▸ Aim of the task
Only the lines from the first line of the entries through the line with "Már csak azért" belong in the answer, each restated word for word and without pictures.

▸ Data in this exercise
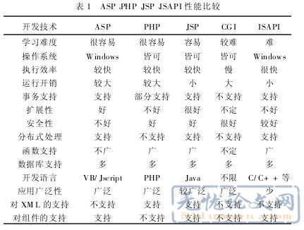 从表1可以看出,JSP运行开销小,可以跨平台运行,扩展性很好。
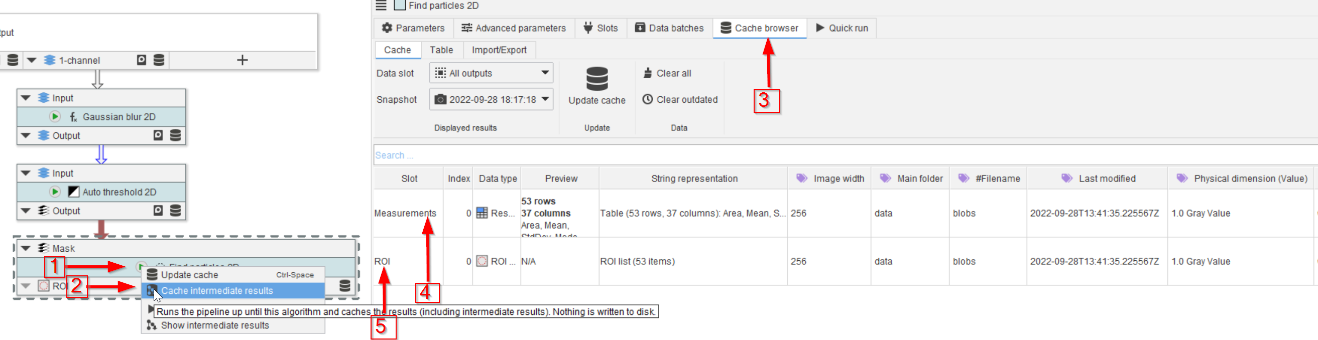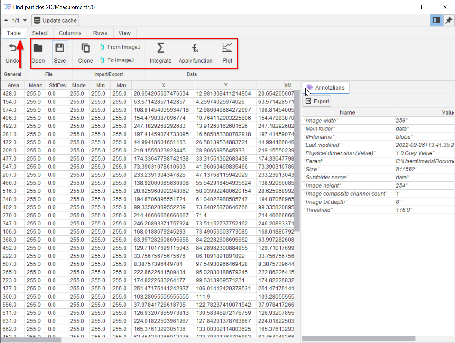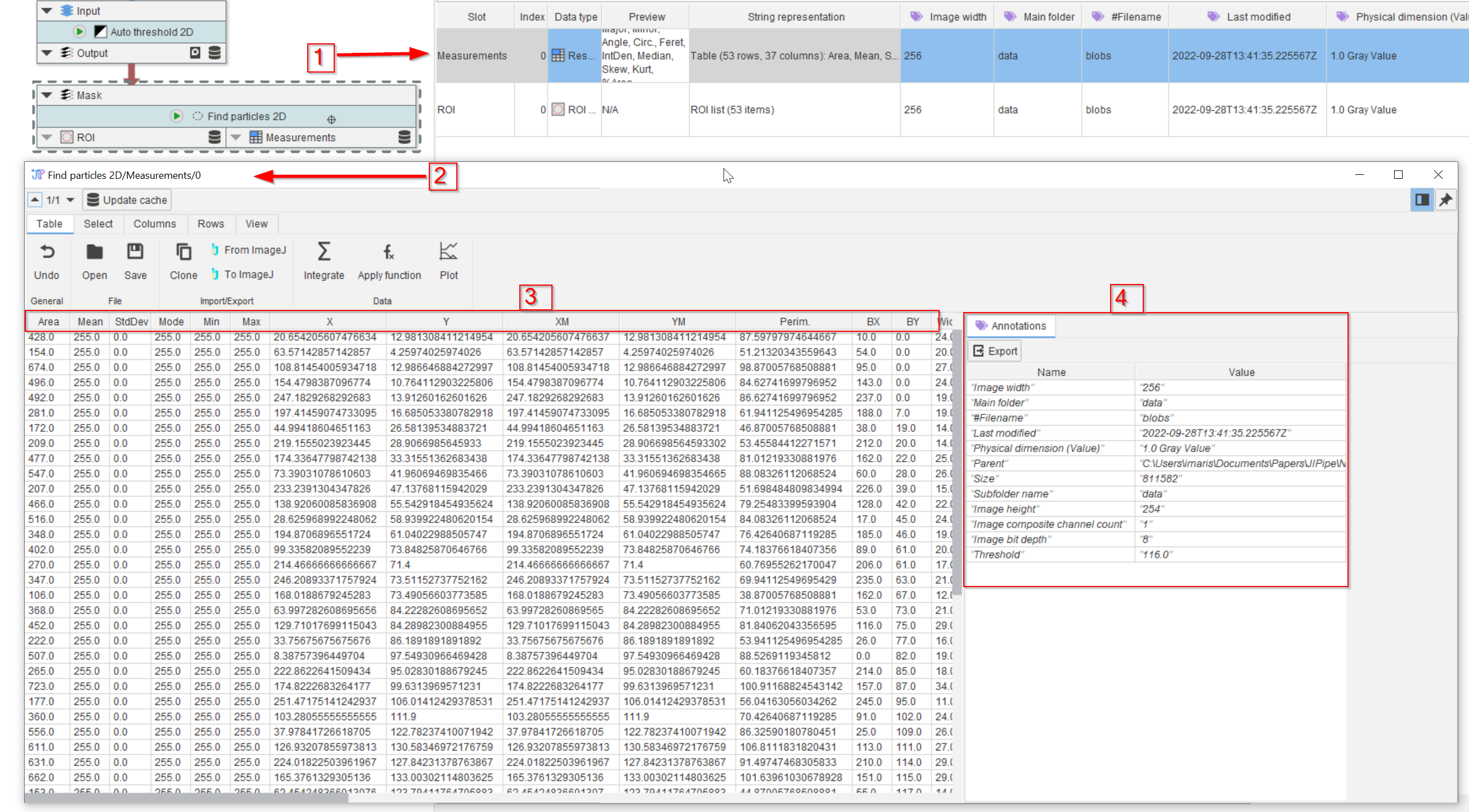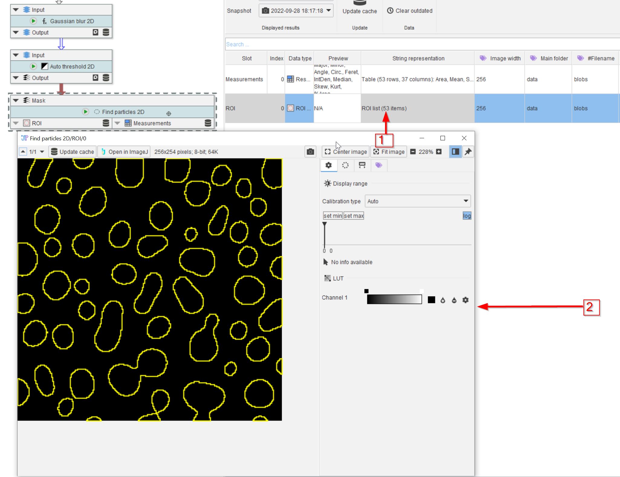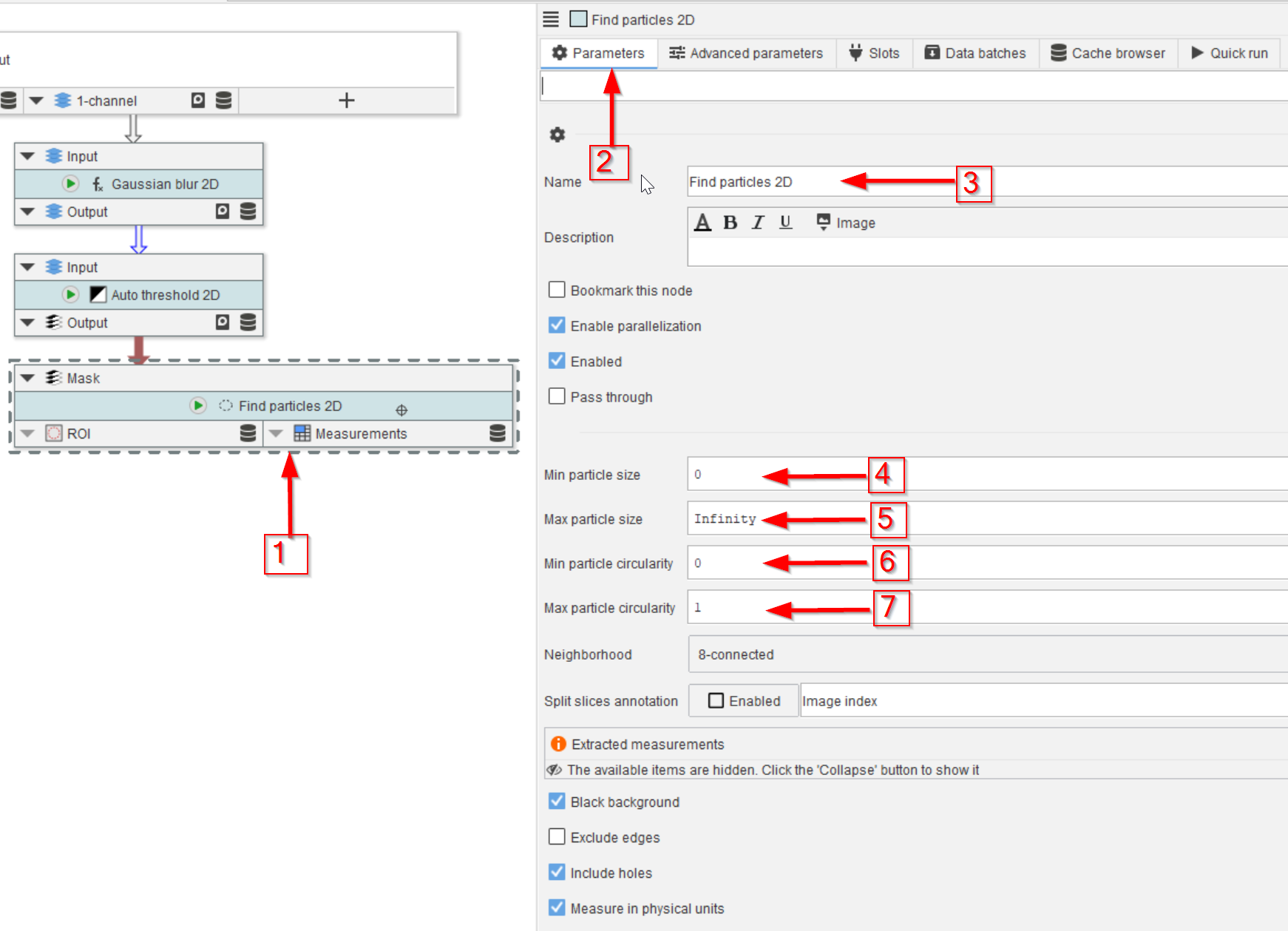 The Find particles 2D node is the JIPipe equivalent of the ImageJ command Analyze > Analyze Particles....
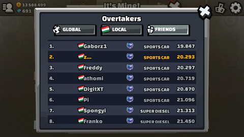 Már csak azért is bugos, mert pl. Overtakers pályán voltam 47. magyar, 20.870
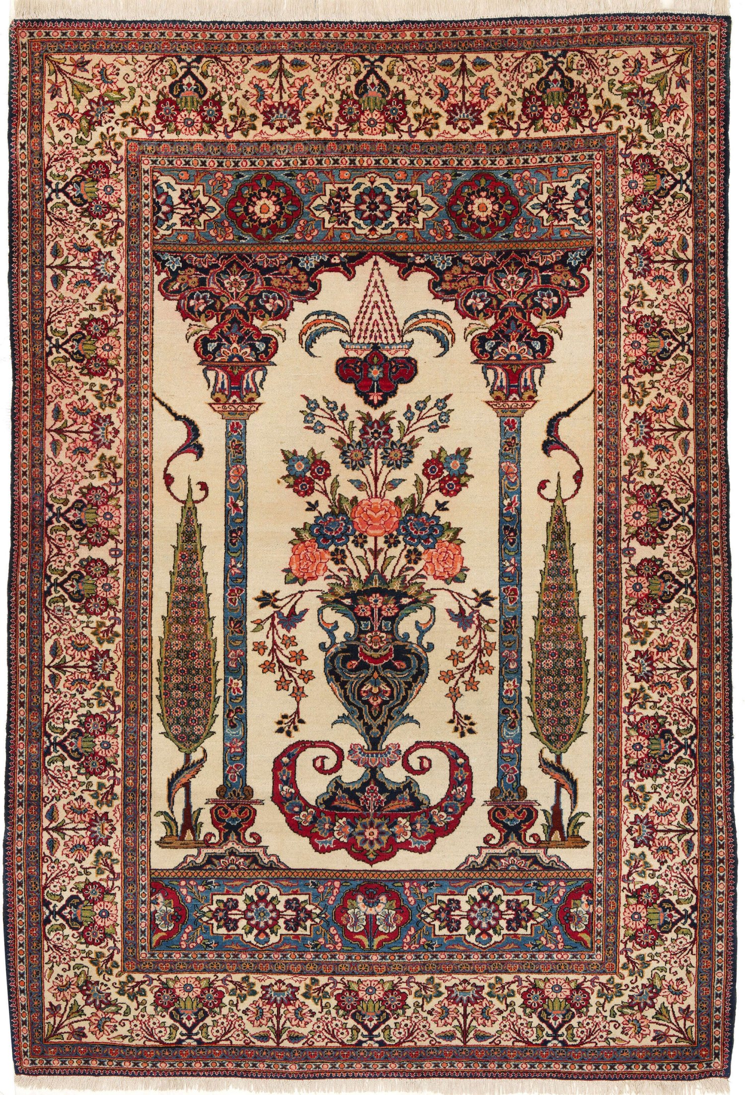 Alte Keshan-Gebetsbrücke Persien. Um 1940. Korkwolle auf Baumwolle. Auf elfenbeinfarbenem Fond architektonisch gegliederte Gebetsnische aus blütengefüllten Pilastern, flankiert von Lebensbaummotiven. In der Mitte große, blütengefüllte Vase. Umlaufend korrespondierende, dicht gemusterte Blütenbordüre. 205 cm x 134 cm.
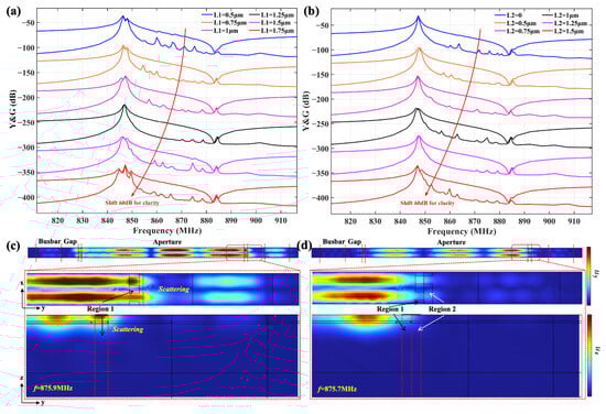 Figure 5b shows the variation in the calculated admittance and conductance curves with different lengths of L2 when h and L1 equal 65 nm and 1.25 m. The results show that, when the length of L2 is 0, i.e., the metal strips in region 2 do not exist, the transverse modes and spurious modes near the anti-resonance frequency are obvious. The mitigation of spurious modes gradually improves with an increase in the length of L2 and reaches the optimum at L2 = 1.25 m, and the above spurious modes are effectively mitigated. Then, the mechanism of the mitigation of spurious modes near the anti-resonance is analyzed by field analysis. Figure 5c,d show the calculated displacement distribution along the y and z directions of spurious modes corresponding to the frequency of 875.9 MHz at L2 = 0 and 875.7 MHz at L2 = 1.25 m in Figure 5b, respectively. Figure 5c shows that, when L2 = 0, the acoustic wave is reflected by the large velocity barrier, which results in a standing wave field in region 1 and energy scattering into the external gap region []. In contrast, the displacement distribution with the addition of the top metal strip in region 2 in Figure 5d shows the reduced energy scattering outside region 1, which can be attributed to a reduction in the velocity barrier between region 1 and the outside region. The reduction in scattering directly corresponds to the calculated curves in Figure 5b, which shows a significant mitigation of the intensity of the spurious mode near the anti-resonance. Based on the above analysis, the length of the external metal strip was determined as L2 = 1.25 m in this design.
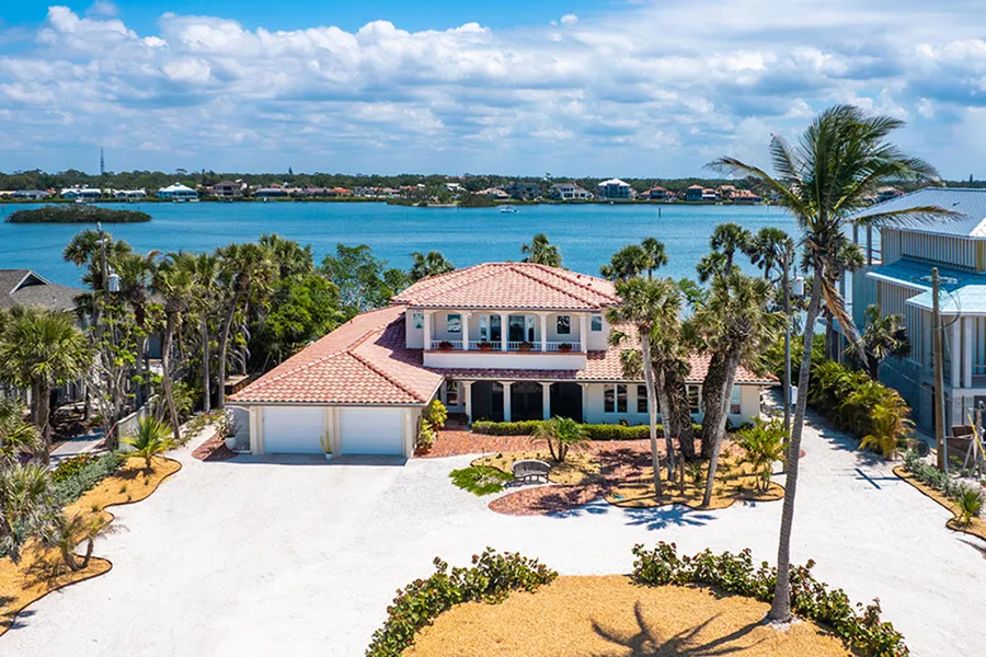 This captivating Gulf-to-Bay residence ideally embodies timeless coastal style. Start your mornings on the lanai with coffee in hand as the sun rises over the Intracoastal Waterway. Launch your boat from the bayside dock, then spend your afternoons on your private beach, where breathtaking Gulf sunsets are practically a nightly guarantee. Inside, you'll find expansive, light-filled rooms offering spectacular water views at every turn. The main living room boasts bayside and beachfront vistas, while the beachside family room and spacious guest bedrooms comfortably accommodate king-sized beds. The kitchen is a gathering space, featuring abundant beverage and wine refrigeration, ideal for entertaining. Upstairs, the entire second floor is dedicated to the luxurious primary suite, complete with panoramic Gulf and bay views from a private beachside balcony and bayside deck. The en-suite bath ...
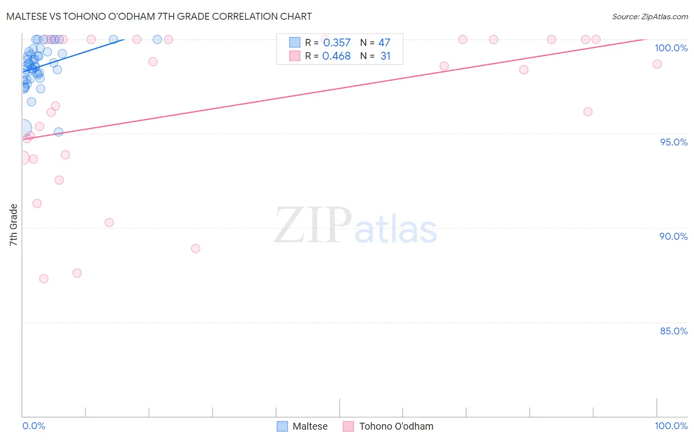 The statistical analysis conducted on geographies consisting of 126,476,608 people shows a mild positive correlation between the proportion of Maltese and percentage of population with at least 7th grade education in the United States with a correlation coefficient (R) of 0.357 and weighted average of 97.1%. Similarly, the statistical analysis conducted on geographies consisting of 58,730,615 people shows a moderate positive correlation between the proportion of Tohono O'odham and percentage of population with at least 7th grade education in the United States with a correlation coefficient (R) of 0.468 and weighted average of 95.0%, a difference of 2.2%.
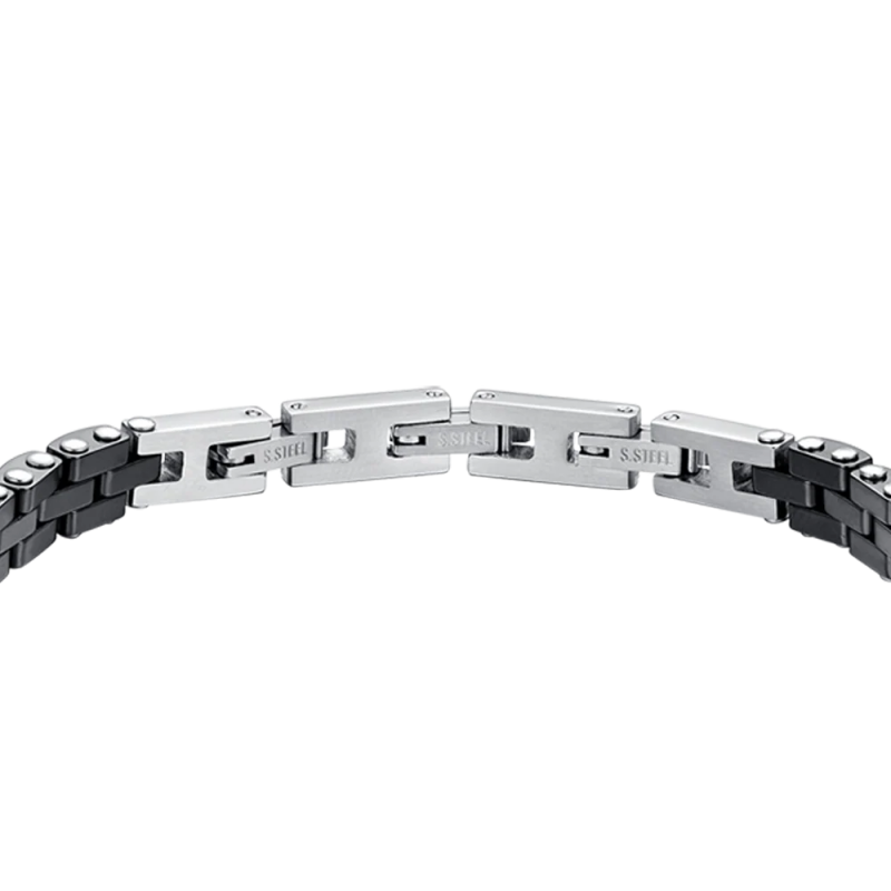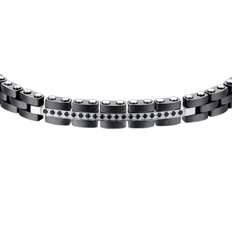Bracciale in Acciaio anallergico con elementi in ceramica nera e cristalli neri
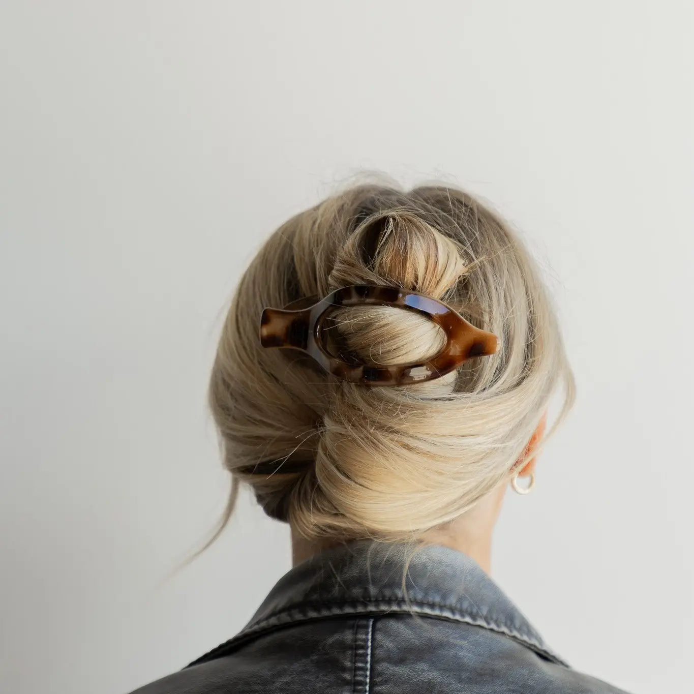 This alligator clip is mighty and perfect for holding all your hair back while you are getting ready in the morning or hanging by the pool. Whatever the occasion it is convenient and stylish. About 5 inches long.
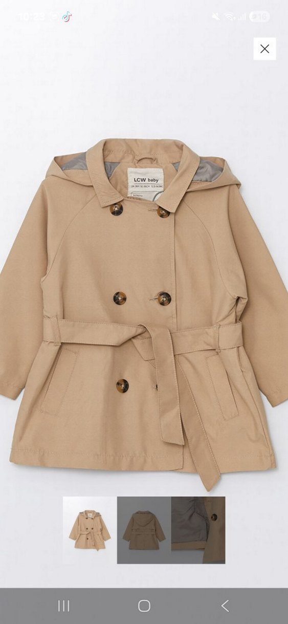Bej renkli, kapüşonlu kız çocuk trençkotu, düğmeli ve kuşaklıdır. 24-36 ay Kızım büyüdüğü için satılık Çok iyi durumda
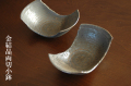 幅16cm×奥行9.4cm×高さ5.9cmブロンズのような釉薬の両端をちぎったようなユニークな形状の小鉢。幅が約9cmと狭いので珍味や和え物などに。釉薬の特性で発色の濃淡、ムラ、個体差がございます。
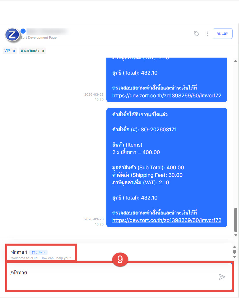 9) จากนั้นกรอก / ตามด้วยคำลัดที่ต้องการลงในช่องแชท ระบบจะแสดงคำลัดขึ้นมาให้ตามตัวอย่าง
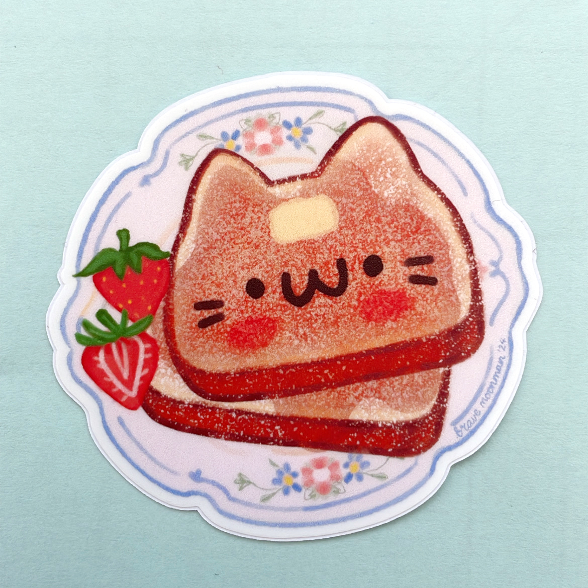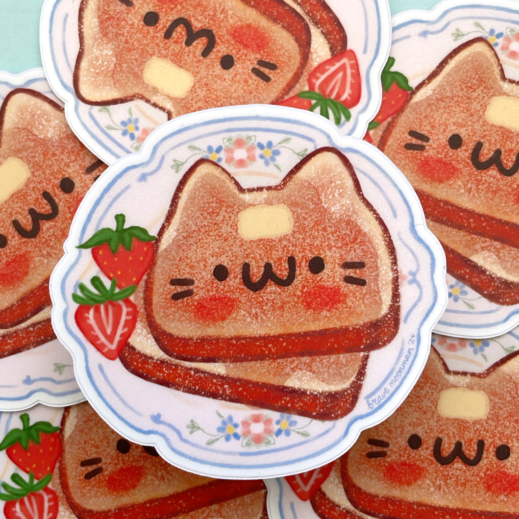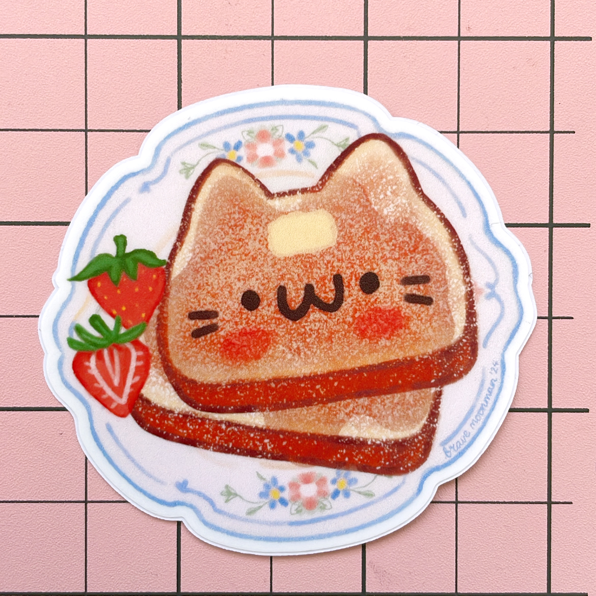 This adorable sticker features two slices of cat shaped french toast on a fancy plate!

▸ Solution to this task
 从表1可以看出,JSP运行开销小,可以跨平台运行,扩展性很好。
 The Find particles 2D node is the JIPipe equivalent of the ImageJ command Analyze > Analyze Particles....
 Már csak azért is bugos, mert pl. Overtakers pályán voltam 47. magyar, 20.870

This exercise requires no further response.